EXERCISE MATERIALS Start Marker

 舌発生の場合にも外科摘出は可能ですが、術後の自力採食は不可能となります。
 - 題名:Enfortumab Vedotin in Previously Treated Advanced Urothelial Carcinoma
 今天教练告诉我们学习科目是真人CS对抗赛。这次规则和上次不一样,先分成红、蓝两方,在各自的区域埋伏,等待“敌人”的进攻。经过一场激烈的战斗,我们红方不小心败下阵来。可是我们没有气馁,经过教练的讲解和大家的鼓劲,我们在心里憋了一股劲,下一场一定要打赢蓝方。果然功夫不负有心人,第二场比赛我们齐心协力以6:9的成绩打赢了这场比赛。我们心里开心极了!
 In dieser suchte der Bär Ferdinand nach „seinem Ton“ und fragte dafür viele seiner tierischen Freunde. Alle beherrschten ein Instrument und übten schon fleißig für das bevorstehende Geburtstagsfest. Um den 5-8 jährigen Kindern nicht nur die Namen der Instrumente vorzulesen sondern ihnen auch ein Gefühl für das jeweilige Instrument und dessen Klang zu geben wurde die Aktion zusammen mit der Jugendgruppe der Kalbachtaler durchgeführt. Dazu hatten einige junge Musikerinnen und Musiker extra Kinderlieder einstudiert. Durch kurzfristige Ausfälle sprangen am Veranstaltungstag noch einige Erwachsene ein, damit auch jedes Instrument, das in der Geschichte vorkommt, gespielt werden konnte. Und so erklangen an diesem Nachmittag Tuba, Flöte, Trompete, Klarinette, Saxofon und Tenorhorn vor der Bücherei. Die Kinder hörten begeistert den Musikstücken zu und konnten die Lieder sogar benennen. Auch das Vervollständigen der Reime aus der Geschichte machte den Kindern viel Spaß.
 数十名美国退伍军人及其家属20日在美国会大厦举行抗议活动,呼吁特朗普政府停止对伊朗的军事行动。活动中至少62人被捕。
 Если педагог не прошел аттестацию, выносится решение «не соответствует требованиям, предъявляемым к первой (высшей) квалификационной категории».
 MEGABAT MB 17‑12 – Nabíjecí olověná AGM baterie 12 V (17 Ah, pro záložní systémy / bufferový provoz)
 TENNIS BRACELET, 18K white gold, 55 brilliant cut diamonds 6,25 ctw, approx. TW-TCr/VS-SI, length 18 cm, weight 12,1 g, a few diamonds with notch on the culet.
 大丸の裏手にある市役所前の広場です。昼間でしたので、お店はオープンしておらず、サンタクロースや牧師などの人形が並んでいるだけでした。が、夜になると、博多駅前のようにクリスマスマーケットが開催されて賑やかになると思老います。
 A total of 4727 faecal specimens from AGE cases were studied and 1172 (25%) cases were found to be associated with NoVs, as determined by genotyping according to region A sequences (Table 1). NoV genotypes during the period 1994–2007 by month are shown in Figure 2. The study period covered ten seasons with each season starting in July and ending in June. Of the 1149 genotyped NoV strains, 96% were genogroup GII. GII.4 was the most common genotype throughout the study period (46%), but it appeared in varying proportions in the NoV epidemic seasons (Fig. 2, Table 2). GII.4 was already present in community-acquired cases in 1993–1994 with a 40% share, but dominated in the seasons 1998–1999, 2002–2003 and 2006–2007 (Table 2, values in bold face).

EXERCISE MATERIALS End Marker
EXERCISE MATERIALS Start Marker

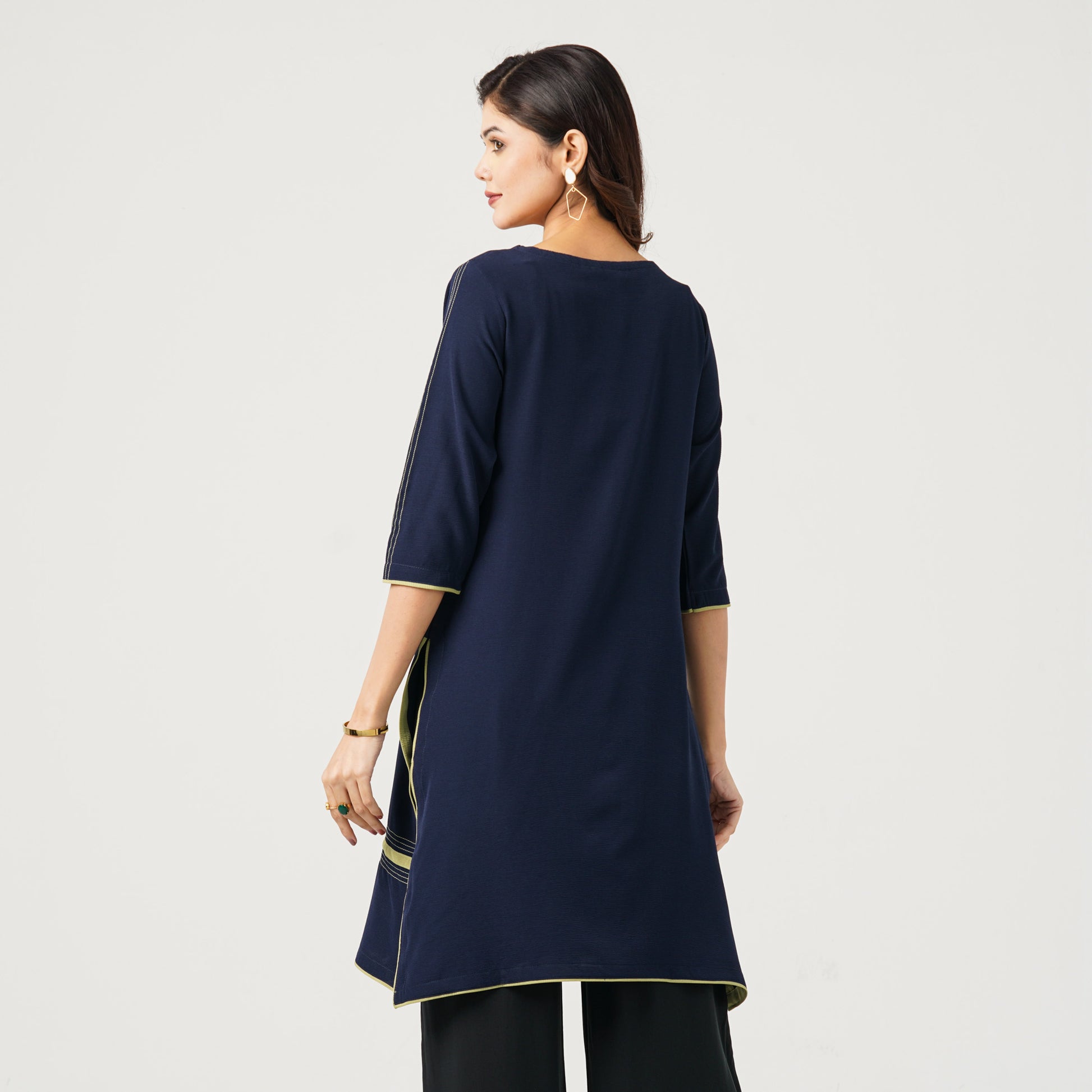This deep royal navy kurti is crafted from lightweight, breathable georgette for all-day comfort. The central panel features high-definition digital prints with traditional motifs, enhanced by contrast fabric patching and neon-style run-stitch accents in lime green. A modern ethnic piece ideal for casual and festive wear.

EXERCISE MATERIALS End Marker

## YOUR TASK:
Write down, word for word, the lines above from the one containing "舌発生の場合にも外科摘出は可能ですが、術後の自力採食は不可能となります。" through the one containing "- 題名:Enfortumab Vedotin", both ends included.

## YOUR SOLUTION:
 舌発生の場合にも外科摘出は可能ですが、術後の自力採食は不可能となります。
 - 題名:Enfortumab Vedotin in Previously Treated Advanced Urothelial Carcinoma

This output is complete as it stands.